Flawed & Fatal


We’re all flawed, and in fact, we’re all fatal.

We’re deadly to our surroundings.
Obviously, as there are ample examples, we are deadly to our environment.
We’re consuming and destroying at an unbelievable pace.

We’re deadly to the people around us with our selfishness.
We’re deadly to them by killing the earth that we need to thrive.
We’re deadly to them by consuming so much that it literally destroys the world we live in.
We’re deadly to them by creating products that kill people.
We’re deadly to them by setting up systems that approve deadly products as healthy, systems that perpetuate destruction and death instead of thriving and bringing to life.
We’re deadly to them by selling consumption as freedom and happiness and having the rest of the world hope for the lie.
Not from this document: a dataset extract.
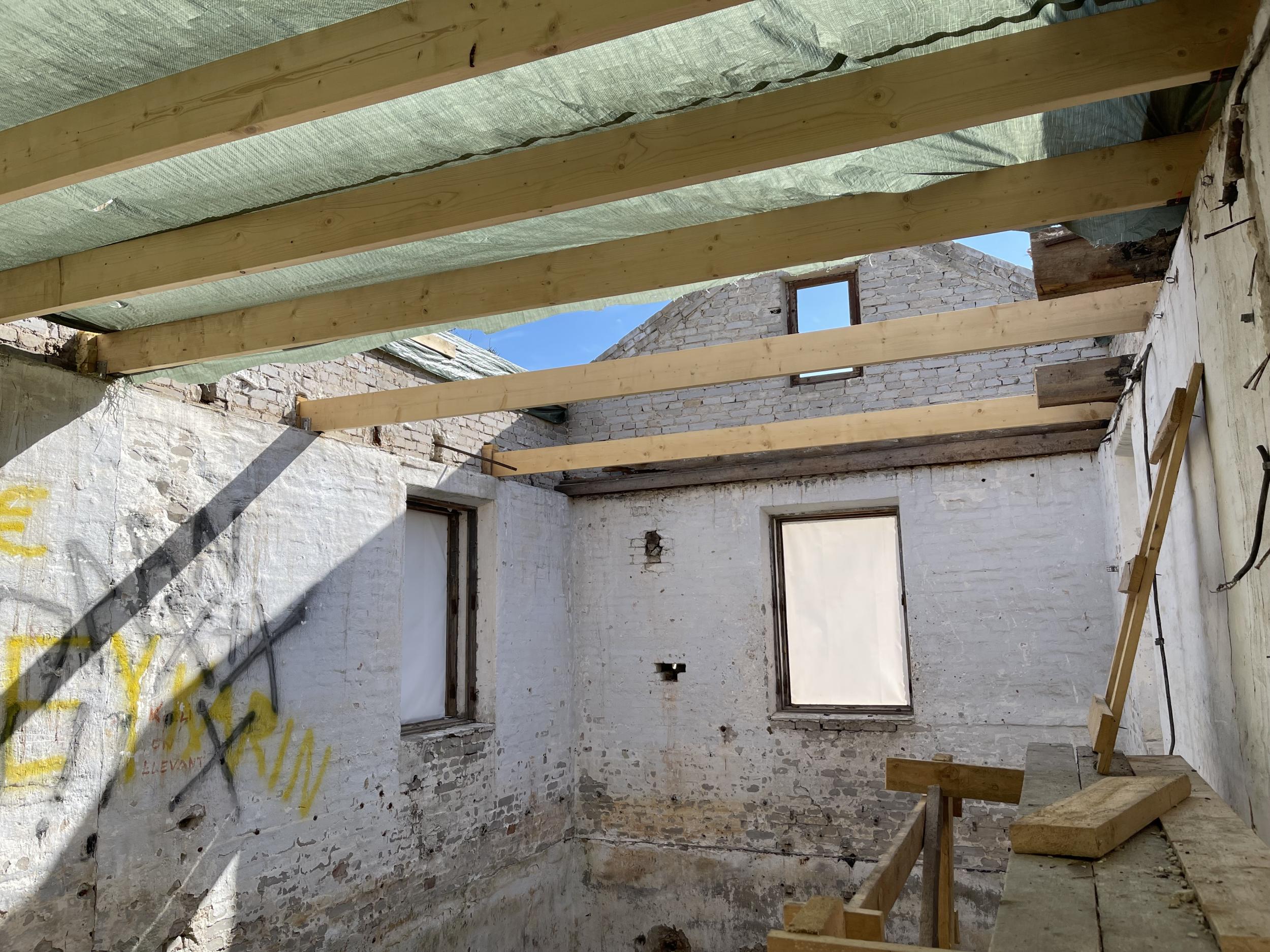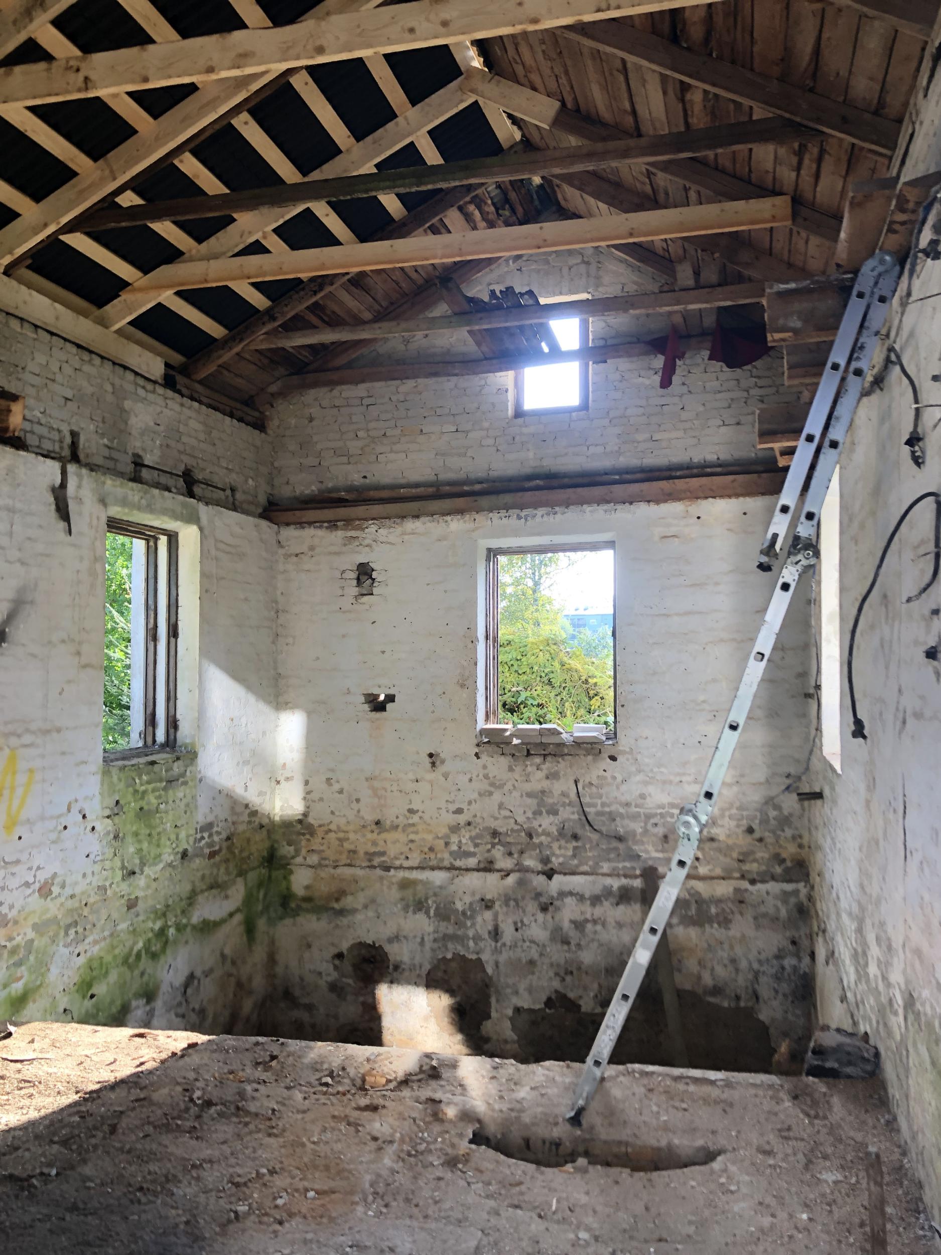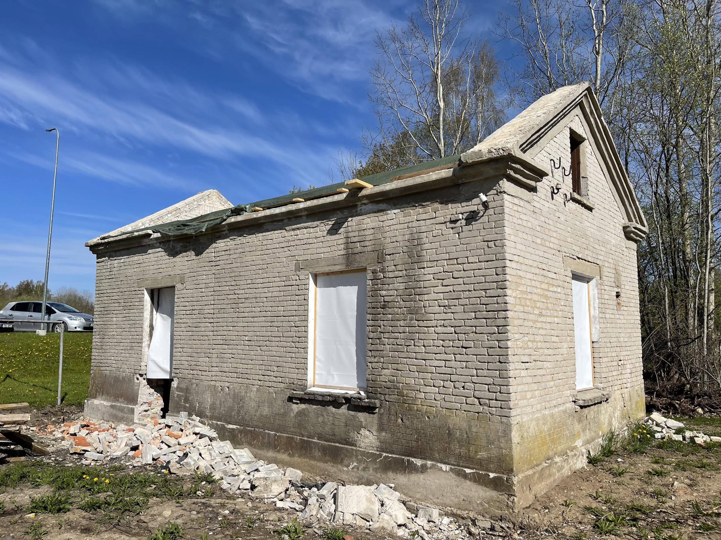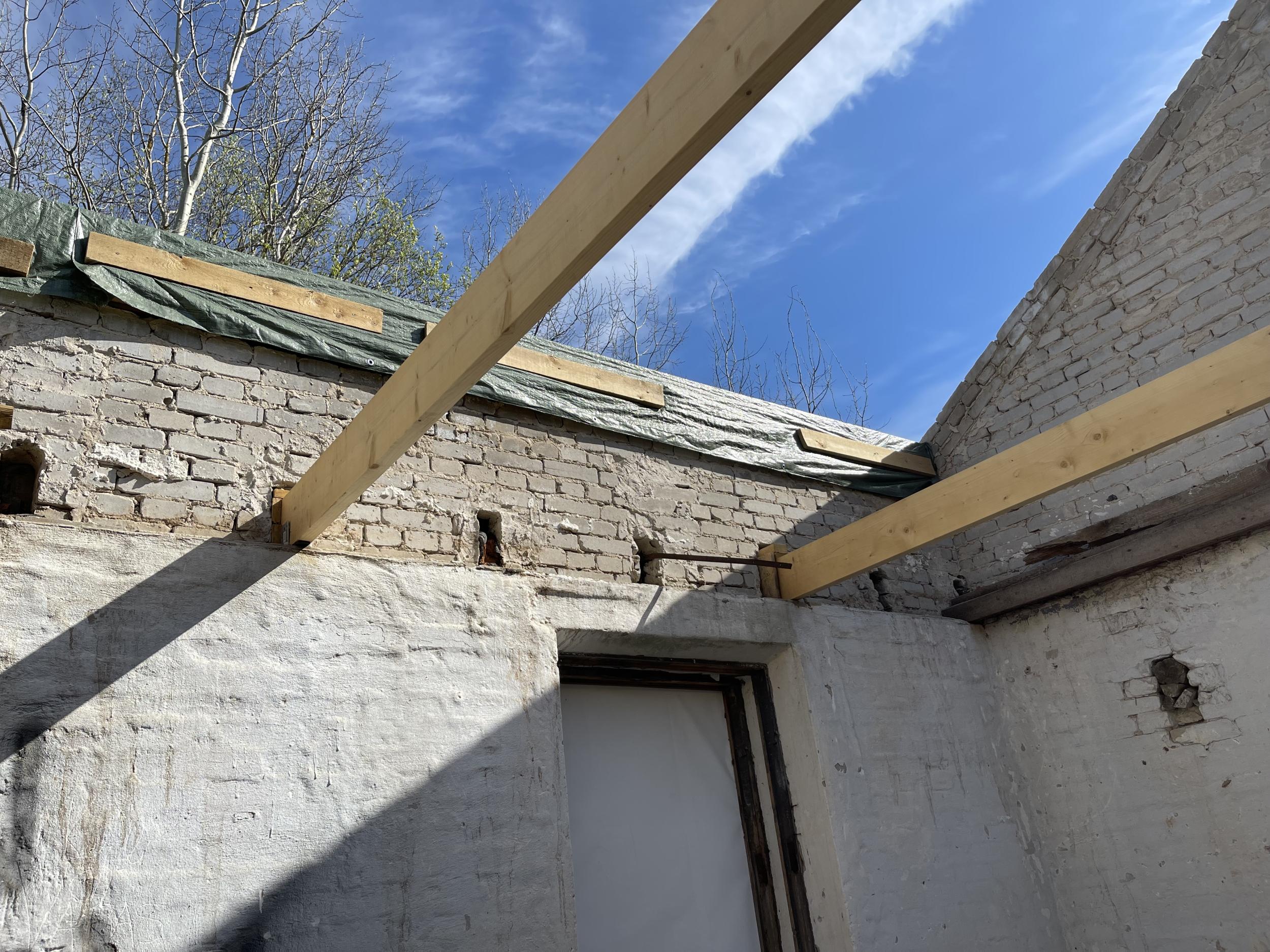 Soovin vana pumbamaja tööruumideks ehitada ja sellele uus katus ehitada. Hoone seest tühjaks tehtud. Katuse ehitamiseks vaja ilmselt tellinguid või kasutada vanu katuse sarikaid töötasapinna valmistamiseks. Poole hoone ulatuses lahtine kelder (kunagi asusid seal veetorni pumbad). Vana katuse viil tsentrist väljas (üks katuse pool 30m² ja teine 36m²) Kas oleks mõeldav need kivist viilud müürideni maha lammutada?

There’s this terrific video that I love (go, watch it… right now.)
John Lennon is being interviewed by this kid who snuck into his hotel room. And there’s this line:
“… get nonviolent, and it’s pretty hard because we’re all violent inside. We’re all Hitler inside and we’re all Christ inside. And it’s just trying to work on the good bit of you.”

I thought of it today, because, see..

I’m reading this book: Real Food (for Mother & Baby). It’s absolutely fantastic. It has a lot of what I’ve been reading about lately as John and I have been asking questions (to ourselves and of each other) about what’s the best way to live life, and what’s the best way to raise a child…

So here we are watching movies like Food, Inc. & No Impact Man, reading all kinds of books.
Here we are doing research about ultrasounds & natural birth & vaccinations & disposable diapers & ecological breast feeding &  baby wearing & so many other things.

Here we are realizing on a whole new level, in a whole new light, to a whole new depth, how meaningful and important the impact of our lives can be… Especially as we’re going to be shaping the life of another human being.

So, here we are, watching this documentary about No Impact Man & there’s difficulty in the relationship between this couple, and there’s adamant selfishness that’s apparent, and there’s flaw to their motives, actions, and goals with this project.

But in the midst of that selfishness, there’s this incredible truth being spoken.

I’m reading this fantastic book and it’s so amazing in helping me to think about food in a way that until recently I’d just never even considered. And there’s all kinds of rubbish about the millions of years that people have been doing a, b, and c…

Amidst the rubbish, there’s this beautiful truth about the way life has been designed to thrive, and how far away from that we are with the industrialization of food.

I just can’t get away from how wonderfully redemptive it is to see the beauty of truth come out of a flawed and fatal person.

Because, of course, all truth is God’s truth: it’s life giving and, certainly, it’s freeing.